The equation I've come up with that takes two inputs and returns the ratio of numbers removed vs total is:

$$ \begin{align} f(a,b)&=\frac{1}{a}+\frac{1}{b}-\frac{1}{ab}\\\\ f(2,3)&=\frac{1}{2}+\frac{1}{3}-\frac{1}{2\times3}\approx 66.6\%\\\\ \end{align} $$

This equation has been verified with Octave (a Matlab clone) with the following equation code:
1-(sum(prod(!!mod([2:(N+1)],[a b]'))))/N where N has been large and a and b has been arbitrary numbers.

I've tried to envision the problem as overlapping circles, where you remove some parts and add the parts that gets removed twice, or "thrice".

My attempt at extending it to 3 inputs looks as follows:

$$ \begin{align} f(a,b,c)&=\frac{1}{a}+\frac{1}{b}+\frac{1}{c}-\frac{1}{ab}-\frac{1}{bc}-\frac{1}{ac}+\frac{1}{abc}\\\\ f(2,3,5)&=\frac{1}{2}+\frac{1}{3}+\frac{1}{5}-\frac{1}{2\times3}-\frac{1}{3\times5}-\frac{1}{2\times5}+\frac{1}{2\times3\times5}\approx 73.3\%\\\\ \end{align} $$ The equation above is verified yet again through the code above by just adding a c term.

I want to extend this equation further for more arguments (in the hundreds) so I can see how many numbers there are left after removing primes and all numbers containing those prime numbers.


This gets messy very fast as the number of inputs increases.
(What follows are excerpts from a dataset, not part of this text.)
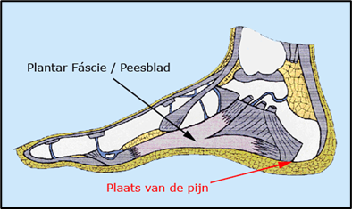 Een veel voorkomende klacht bij hardlopen is een stijve en pijnlijke plek onder de hiel. Dit is de plaats waar een sterke peesplaat, de fascia plantaris, onder de voet aanhecht. Als deze aanhechting geïrriteerd en ontstoken raakt, wordt de blessure 'hielspoor' genoemd. Bij hardlopen treedt deze hielspoor vrijwel nooit plotseling op, maar nemen de klachten geleidelijk aan toe. Het is dan ook een typisch voorbeeld van een overbelastingsblessure. In het beginstadium van deze blessure is er slechtssprake van een stijf en /of zeurend pijngevoel (de ochtend) na een zware inspanning of als er met blote voeten op een harde ondergrond wordt gelopen De aanhechting is vooral pijnlijk als erop gedrukt wordt. Als er geen tegenmaatregelen worden genomen zullen ook pijnklachten optreden bij het begin van de inspanning. Deze klachten verdwijnen in het begin nog tijdens de warming-up, maar keren weer terug na afloop van de sportbeoefening. Als er toch doorgesport wordt, zullen de pijnklachten nog meer toenemen en zal hardlopen niet meer (goed) mogelijk zijn. Genezing van de hielspoor zal maanden gaan duren.Oorzaken van de hielspoorMeestal is de hielspoor een samenspel van factoren verantwoordelijk voor het ontstaan van een overbelastingsblessure, wat een hielspoor is. De peesplaat wordt maar matig doorbloed, waardoor het herstel na overbelasting slechts langzaam verloopt. Overbelasting wordt vooral in de hand gewerkt door:
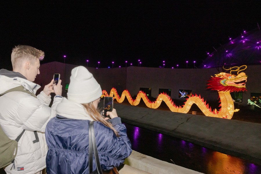 A visitor takes selfies at the Year of the Dragon Lantern Festival in Budapest Zoo in Budapest, Hungary, Dec. 16, 2023. (Photo by Attila Volgyi/Xinhua)
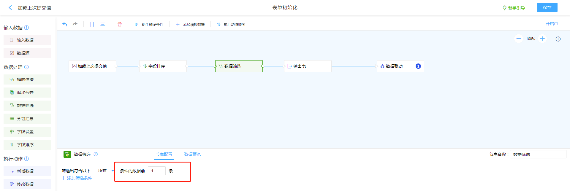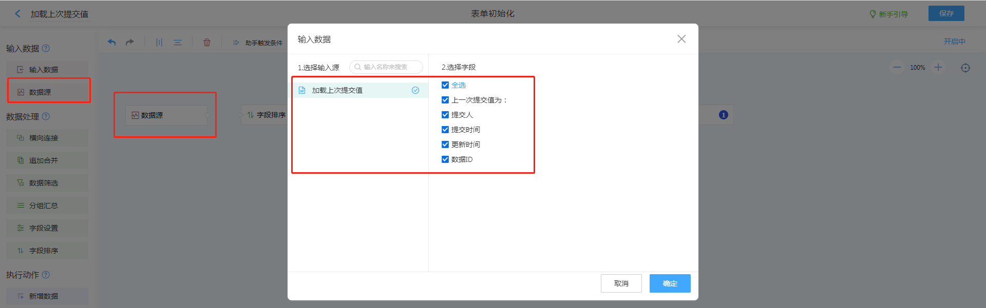 1. 输入数据选择数据源,选择当前表。
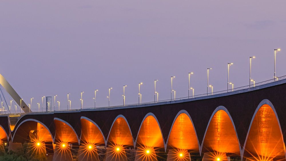 Une soirée au coucher du soleil à l'Oversteek, également appelé City Bridge, un pont pour la circulation des voitures sur la rivière Waal, à Nijmegen. La route qui traverse le pont porte le nom de General James Gavinsingel depuis 2016.
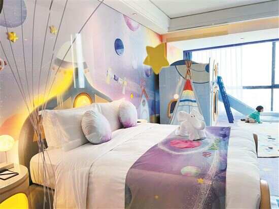 酒店里设有多种主题的亲子房,并配备了一定的儿童玩乐设备,让房间像游乐园一样好玩。当打开梦幻太空亲子客房时,小朋友第一时间便冲向带滑梯的双层床,在数次的爬上滑下中循环。畅快滑行之后,抱着房间里的太空人玩偶,开始寻找“宝藏”:地毯上的大型飞行棋、床头的太空人登月台灯、桌子上的太空拼图、能化身波波池的浴缸每一样都能让孩子兴奋地叫起来。
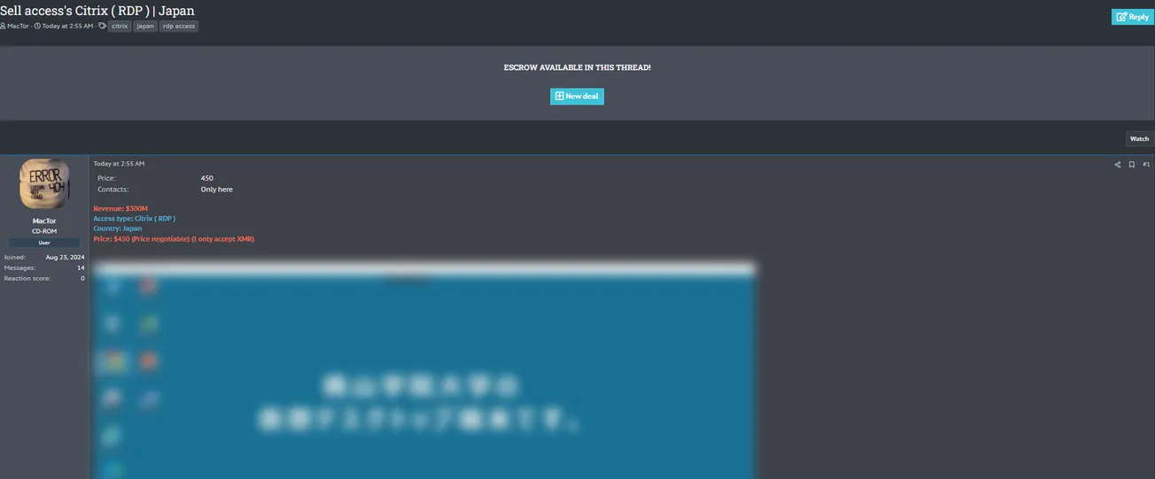 A Threat Actor is Allegedly Selling RDP Access to an Unidentified Company in Japan
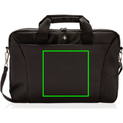Carry your 15.4” laptop to and from work inside this slim 600D with 1680D polyester laptop bag from Swiss Peak. Includes a padded pocket for your laptop, a separate pocket to hold your iPad or tablet, and a front zippered extensive organiser with pen sleeves and pockets to hold all of your small accessories. Also comes with a rear luggage opening that can be slid over the handle of your upright rolling suitcase. Versatile carrying options with the adjustable & detachable shoulder strap. PVC free.
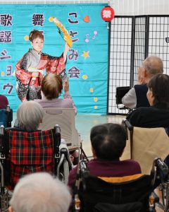 せとうちの郷に、ことみ会の皆さんが訪れ、日本舞踊を披露してくださいました。
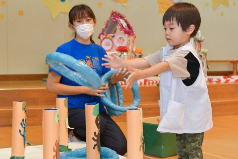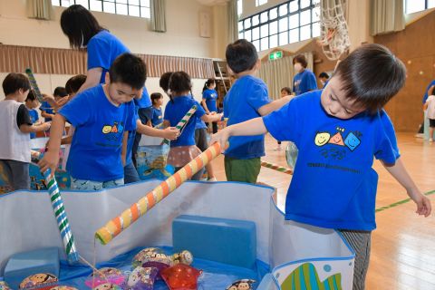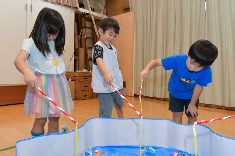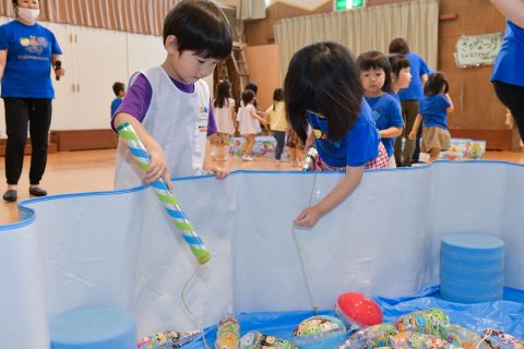 夏祭りごっこ(2021/07/08) 学年ごとに遊戯室で夏祭りごっこを行いました。さかなつり・ボーリング・わなげ・ボールすくいをして楽しみました!子どもたちは、とっても楽しく遊んでいましたよ♪今日は、ボールすくいで釣ったエアーヨーヨーをお土産に持って帰りました☆ ツイート
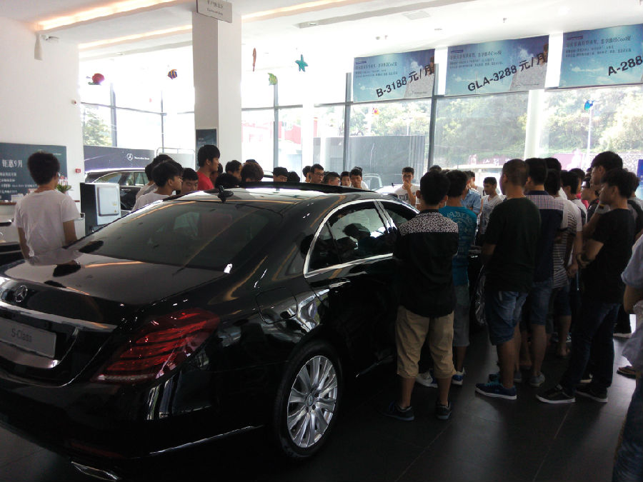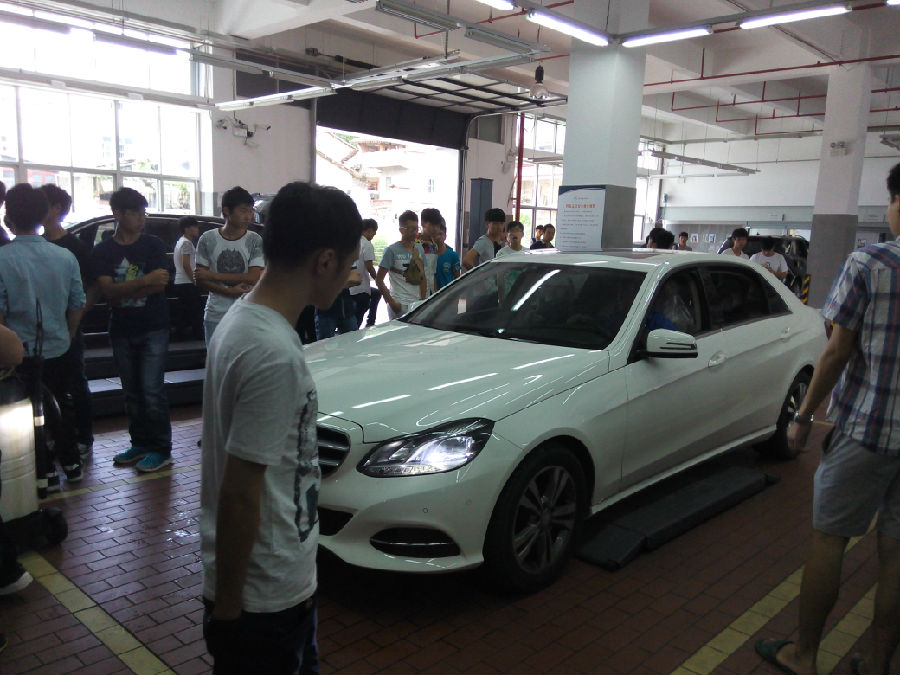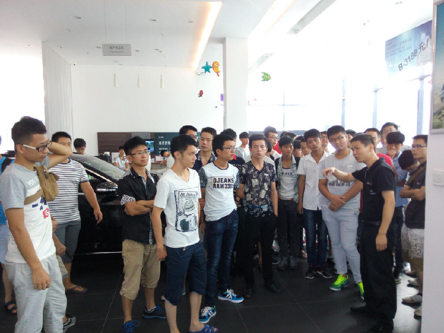在莆田奔驰4S店,同学们参观了汽车展厅,售后服务陈经理、林经理以及宋主管向同学们介绍了奔驰公司的各种车型主要包括C级、E级和S级车型以及最新技术。随后,同学们参观了奔驰车售后维修、钣金、喷漆和配件车间,期间由专业培训师详细讲解工作流程及岗位情况。最后由人事专员向同学们介绍莆田之星奔驰4s店的基本情况、公司待遇和工作环境等,为同学们以后就业选择提供了一定的参考。
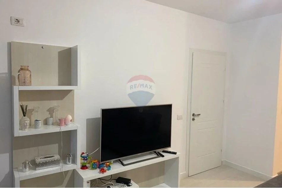 Apartamenti është totalisht i mobiluar dhe organizohet nga dy dhoma gjumi,një ambient gatimi bashkë me ambientin e ndenjes,2 tualete dhe 1 ballkon.

  • Am I reinventing the wheel?
  • Is there a better approach for finding the ratio when there are hundreds or even thousands of inputs to this equation?
  • Is there a pattern that I cannot see, like $f(a,b,c) = f(a,c)\times f(b,c)\times f(a,b)$? (this isn't it)

Please edit this question if you think it has bad tags or text or title.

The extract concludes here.